From the first line down to the one containing "Other problems relate", reproduce the entries below exactly and leave out the pictures.
+-------+
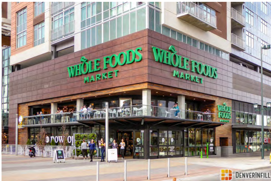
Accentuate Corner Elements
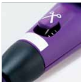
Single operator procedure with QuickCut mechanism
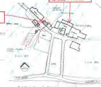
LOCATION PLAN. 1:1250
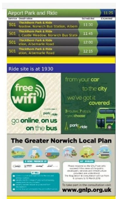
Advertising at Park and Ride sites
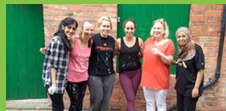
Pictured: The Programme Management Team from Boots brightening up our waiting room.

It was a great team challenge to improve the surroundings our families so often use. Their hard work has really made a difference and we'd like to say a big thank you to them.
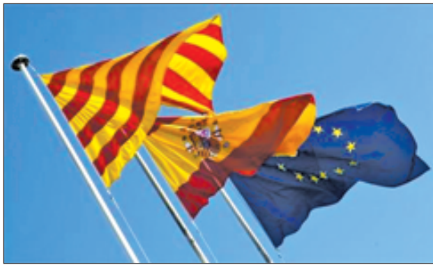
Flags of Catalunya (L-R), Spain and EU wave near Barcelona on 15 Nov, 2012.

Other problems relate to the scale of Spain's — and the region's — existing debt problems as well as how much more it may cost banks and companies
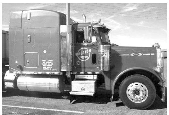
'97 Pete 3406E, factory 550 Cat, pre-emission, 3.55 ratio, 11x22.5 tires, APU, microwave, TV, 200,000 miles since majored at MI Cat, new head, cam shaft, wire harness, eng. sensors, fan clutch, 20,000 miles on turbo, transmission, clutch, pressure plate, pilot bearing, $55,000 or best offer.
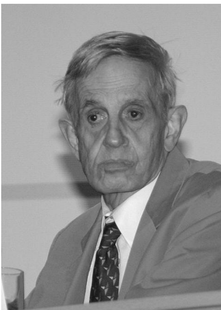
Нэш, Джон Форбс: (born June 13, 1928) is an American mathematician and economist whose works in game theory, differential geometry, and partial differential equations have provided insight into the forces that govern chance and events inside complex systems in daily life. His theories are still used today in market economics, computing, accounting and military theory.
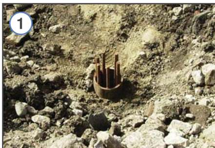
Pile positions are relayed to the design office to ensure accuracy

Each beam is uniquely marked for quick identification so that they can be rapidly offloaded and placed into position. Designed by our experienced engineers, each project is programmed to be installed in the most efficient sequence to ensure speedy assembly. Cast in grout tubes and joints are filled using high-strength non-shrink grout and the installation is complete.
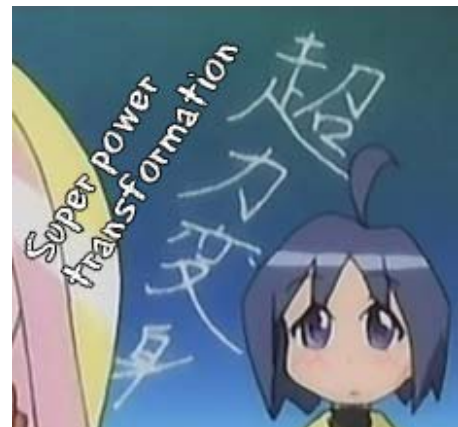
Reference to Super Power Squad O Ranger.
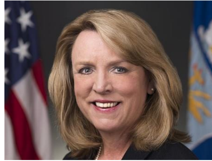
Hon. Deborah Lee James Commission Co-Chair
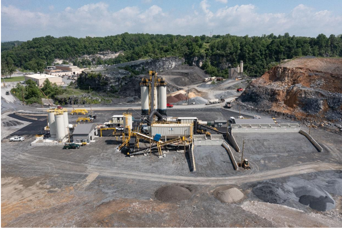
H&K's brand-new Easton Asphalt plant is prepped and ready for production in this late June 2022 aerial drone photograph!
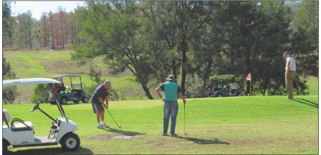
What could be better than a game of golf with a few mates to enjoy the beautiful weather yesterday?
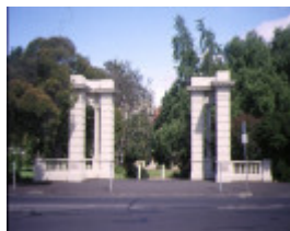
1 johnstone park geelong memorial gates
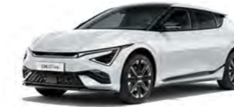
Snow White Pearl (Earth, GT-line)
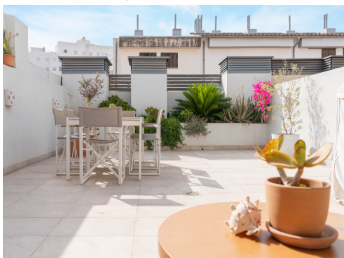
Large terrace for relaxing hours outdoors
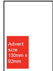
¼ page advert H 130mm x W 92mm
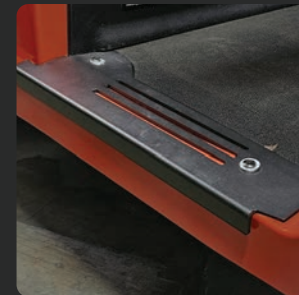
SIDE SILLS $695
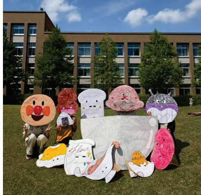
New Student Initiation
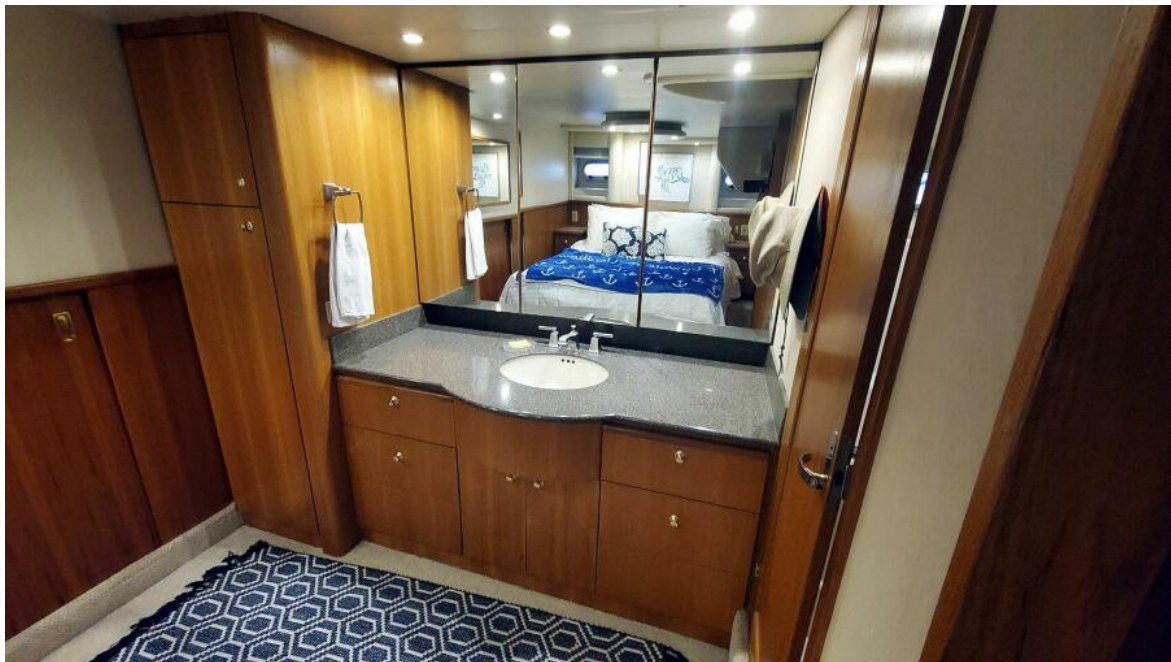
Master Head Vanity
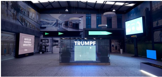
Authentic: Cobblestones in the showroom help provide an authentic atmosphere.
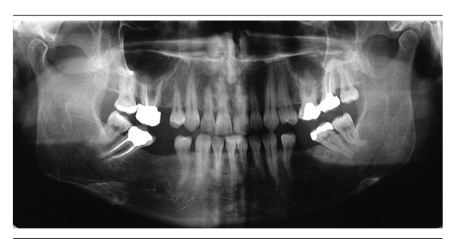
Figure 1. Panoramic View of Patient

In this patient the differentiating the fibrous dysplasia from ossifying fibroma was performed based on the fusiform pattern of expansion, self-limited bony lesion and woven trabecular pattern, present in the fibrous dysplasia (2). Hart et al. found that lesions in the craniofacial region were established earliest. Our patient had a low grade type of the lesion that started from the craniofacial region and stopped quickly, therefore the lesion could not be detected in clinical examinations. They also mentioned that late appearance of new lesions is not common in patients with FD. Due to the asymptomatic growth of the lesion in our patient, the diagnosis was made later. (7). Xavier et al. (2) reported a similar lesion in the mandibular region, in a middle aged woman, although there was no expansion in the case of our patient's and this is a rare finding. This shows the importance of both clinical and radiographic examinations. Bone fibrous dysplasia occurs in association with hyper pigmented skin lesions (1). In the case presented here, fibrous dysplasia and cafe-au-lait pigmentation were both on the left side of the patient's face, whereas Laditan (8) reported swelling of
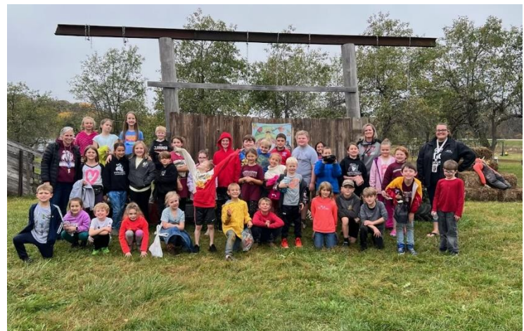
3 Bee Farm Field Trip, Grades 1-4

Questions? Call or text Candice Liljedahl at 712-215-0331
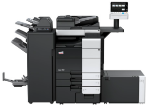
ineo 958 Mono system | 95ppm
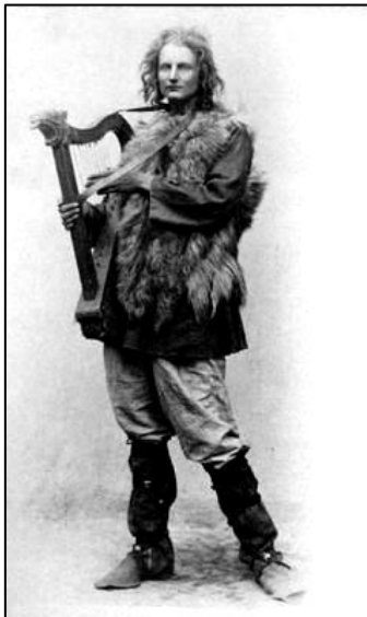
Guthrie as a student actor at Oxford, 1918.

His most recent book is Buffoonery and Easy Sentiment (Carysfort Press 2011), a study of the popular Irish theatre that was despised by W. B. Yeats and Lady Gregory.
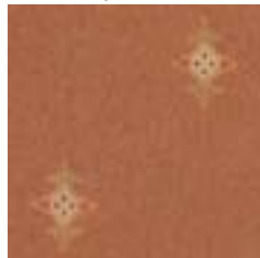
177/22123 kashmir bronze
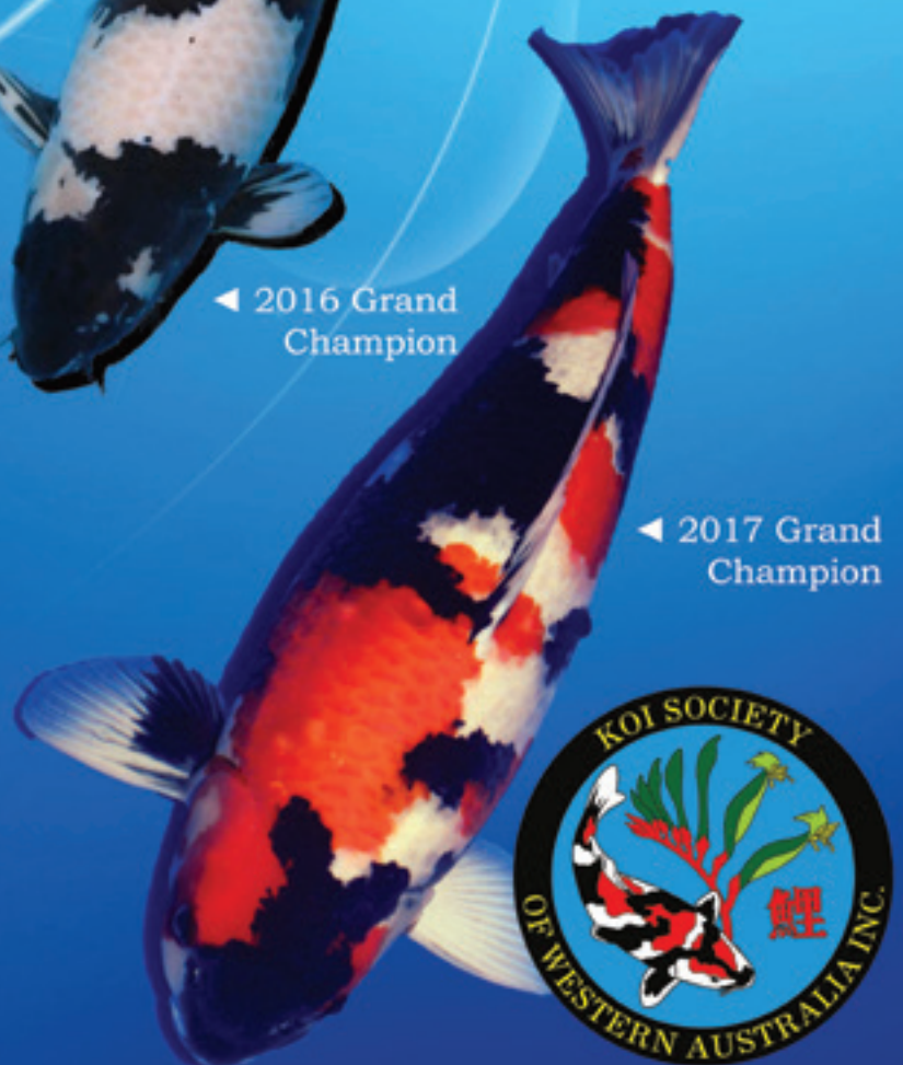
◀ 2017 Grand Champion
+-------+
● TASK RESULT:
Accentuate Corner Elements
Single operator procedure with QuickCut mechanism
LOCATION PLAN. 1:1250
Advertising at Park and Ride sites
Pictured: The Programme Management Team from Boots brightening up our waiting room.

It was a great team challenge to improve the surroundings our families so often use. Their hard work has really made a difference and we'd like to say a big thank you to them.
Flags of Catalunya (L-R), Spain and EU wave near Barcelona on 15 Nov, 2012.

Other problems relate to the scale of Spain's — and the region's — existing debt problems as well as how much more it may cost banks and companies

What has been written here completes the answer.